Union history has long been a staple of our field. Articles in this issue include studies of specific unions and also explore larger questions of unionism’s history. These start with Bradon Ellem’s engagement with the question of union decline, a subject other scholars have investigated. Ellem’s approach is to challenge the general claims which see reasons for decline within the union movement. With a specific case study of the Pilbara region of Western Australia, across the entire period of the mining industry there, Ellem tracks key moments of state intervention and employer strategy in the rise and fall story of mining unions. Drawing on a long time-frame and the geographic texture of union and employer power enables Ellem to pinpoint the causes of union decline in an argument that brings a fresh perspective to the debate.
Timothy Minchin takes on another well-studied union, the United Automobile Workers in the United States. His focus is on a lesser examined period as he takes the questions of rank-and-file restlessness back into the decade of the 1950s. Despite wage gains achieved by their national union, members had grievances they brought to the attention of union leaders, demonstrating that plant conditions were often more important to them than winning higher wages. Using the records of the UAW executive board, Minchin’s argument complicates the usual national story, as it brings attention to union leaders’ handling of these localised pressure points.

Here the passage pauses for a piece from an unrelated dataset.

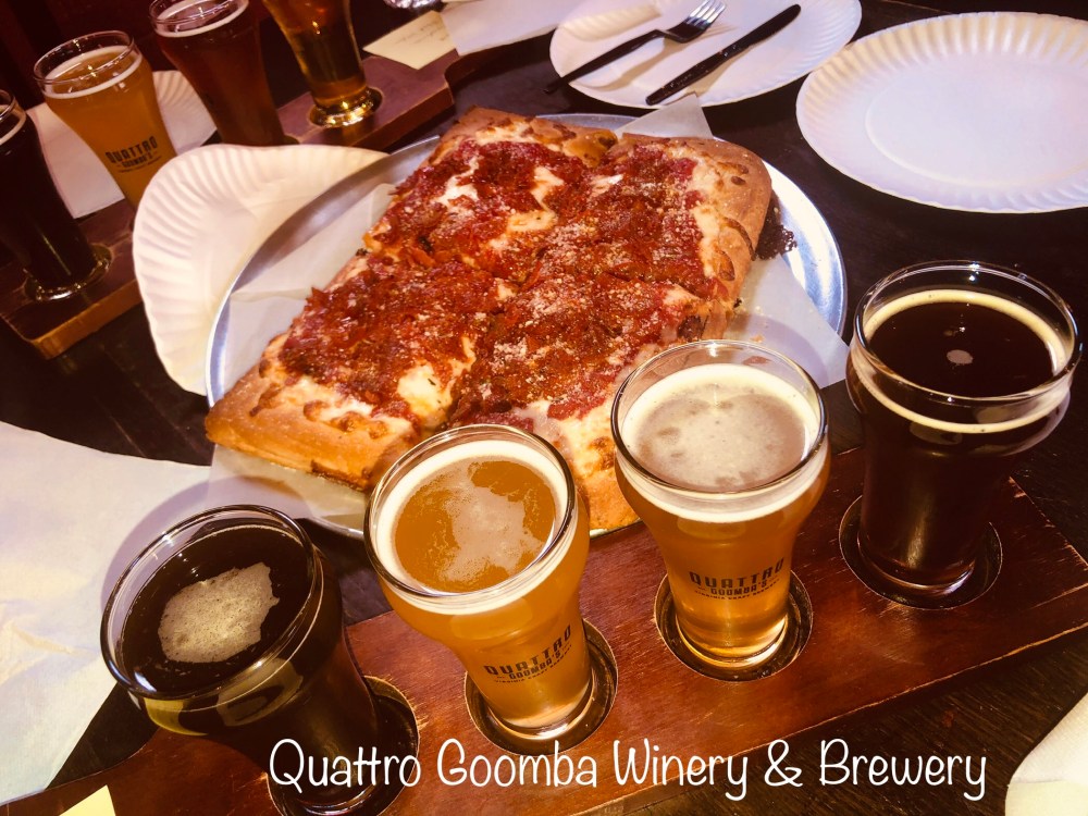 We 1st visited the Quattro Goomba’s (Meaning 4 friends. Which are the 4 friends who opened the spot.) Winery & Brewery. Came for the wine tasting (which was a nice selection), beer, and the much heard about Sicilian pizza which was sooooo delish. Not so CAAAARRRBBBISH feeling. Light crust. And, the beer flight I perfectly curated with Dark Cherry (chocolate, cherry, milk stout), Resistance (mango & Passionfruit wheat), infatuation (pumpkin spice saison), and Winter (Belgian quad).
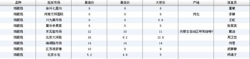 2012.07.04 鸡腿菇全国批发市场价格行情 单位(元/公斤) 来源:全国农产品批发市场价格信息网

Shifting to the 1980s, the period of the Hawke Labor government’s Accord, authors Lucie Newsome, Danielle Miller, and Tony Ramsay concentrate on the activism of the Plumbers and Gasfitters Employees Union to raise their wages. Their research included oral history as well as documentary evidence as they questioned the agency of unions under the Accord. Their case study approach found unions engaging in industrial action faced considerable opposition and this union’s survival was threatened by legal sanctions.
Other articles in this issue take the subject of strikes and explore their wider and larger significance. Jennifer Clark locates the foundation of the Council for Aboriginal Rights in 1951 in the strike of Northern Territory Indigenous workers for better wages and conditions. The new organisation moved the tactics from the specifics of a strike to an educative agenda about Indigenous disadvantage at a national level, pulling together a broad coalition of activists and laying the important groundwork for change. Iain Macintyre takes the consumer boycotts against hotels in the first two decades of the twentieth century as examples of working-class activism, showing how they used union methods of organisation and drew on ideas about fair prices and rightful compensation for work. The frequency and patterned nature of these “beer strikes” in Australia is a phenomenon that was also primarily regional. Macintyre thus presents a case for the role and significance of consumer boycotts as labour history.
Alcohol and hotels also feature in our other two articles. David Williamson and Candice Harris focus on the hotel industry in a study of New Zealand labour in the closing decades of the twentieth century. Their argument is that current conditions, poor pay, and vulnerability of migrant labour were constructed historically, a context in which changes in the law and changing ownership played a critical role. Their argument resonates with Ellem’s. The authorial team of Shannon O’Keefe, Matthew Allen, Hamish Maxwell-Stewart, and Michael Quinlan focus their attention on the role of alcohol itself, and the culture of drinking in the early colonial period of Australian history. Showing how alcohol was used to motivate labour, and how distinguishing sobriety at work from drunken leisure was a feature of changing practice, the authors draw on court records in the convict period to make their case. They apply concepts of moral economy of work and policing of drunkenness as labour management.
We have an Historical Note on the important subject of heritage. Russell Deyell and Aisla Hart present the story of the campaign for the international standing for the Rūnanga Miners’ Hall, in New Zealand. We can only applaud their mission to have workers’ assembly halls recognised, protected, and celebrated for their part in the international labour movement history. We pay tribute to one of Australia’s most outstanding historians, Lyndall Ryan, who was long a member of our Editorial Board and, with her sister Julia, a generous donor of a prize named in honour of their mother Edna. Her legacy is in both inspiring and rewarding future historians.